District manufacturers reported an uptick in demand for their products in late November through the beginning of January. Semiconductor sales expanded at a solid pace, and capacity utilization in the sector generally remained in the range of 90 percent. Vigorous competition among manufacturers held down prices for various semiconductor products. Strong demand for commercial aircraft and defense products kept District producers operating at full capacity to meet ongoing order backlogs. Makers of machine tools saw continued increases in new orders but at a slightly reduced pace, and food manufacturers reported strong sales. In contrast, demand for wood products and selected building materials used primarily in residential construction contracted further.

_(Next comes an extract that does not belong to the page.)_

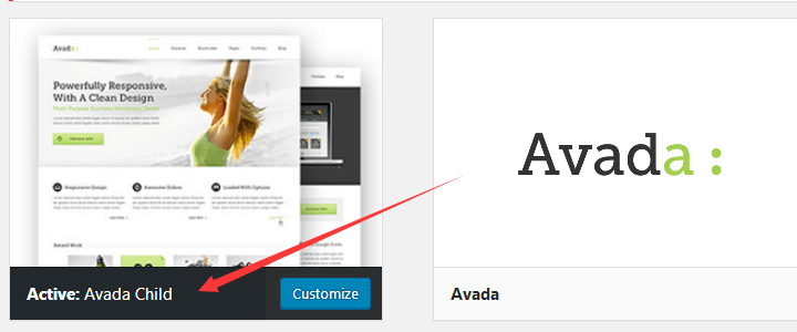 这个时候你再去 Appearance(外观) -> Themes(主题)那里,你会看到你已经启用了子主题(Avada-Child-Theme),并且看到两个Avada。

Agriculture and Resource-related Industries
Demand for agricultural and resource-related products grew at a solid pace and production conditions were stable overall. Robust demand for livestock and most crops, such as pecans and corn, resulted in strong sales and higher prices for these items compared to a year ago. Price declines for fertilizers and freight services continued to ease pressures on production costs. In the resources sector, producers of oil and natural gas saw fairly robust demand and tight inventories overall.
Real Estate and Construction
District residential real estate markets cooled further, while demand for commercial real estate grew modestly. The pace of home sales and price appreciation deteriorated for existing and new homes in most areas during the survey period. In several previously hot areas, such as parts of Southern California and the San Francisco Bay Area, home price appreciation slowed to low single digits. District homebuilders continued to work down unsold inventory by offering significant incentives to entice buyers. Slower home sales continued to damp residential construction activity, particularly for condominiums. Continued growth in demand for commercial and industrial space was evident in further reductions in vacancy rates and increases in rental rates in most areas. Construction activity for commercial and public projects continued to expand, largely offsetting the decline in residential construction, although the pace of growth was slower than earlier in 2006.
Contacts in the banking sector continued to indicate that, on net, overall loan demand and credit quality were solid. Demand for commercial and industrial loans continued to outpace demand for residential loans, owing in large part to the drop-off in mortgage originations and refinancing. Contacts reported that indicators of credit quality, such as loan delinquencies, were at favorable levels in general. Tight labor markets for skilled workers in banking and other financial services remained a major concern; employers offered significant signing bonuses and other incentives to attract capable workers.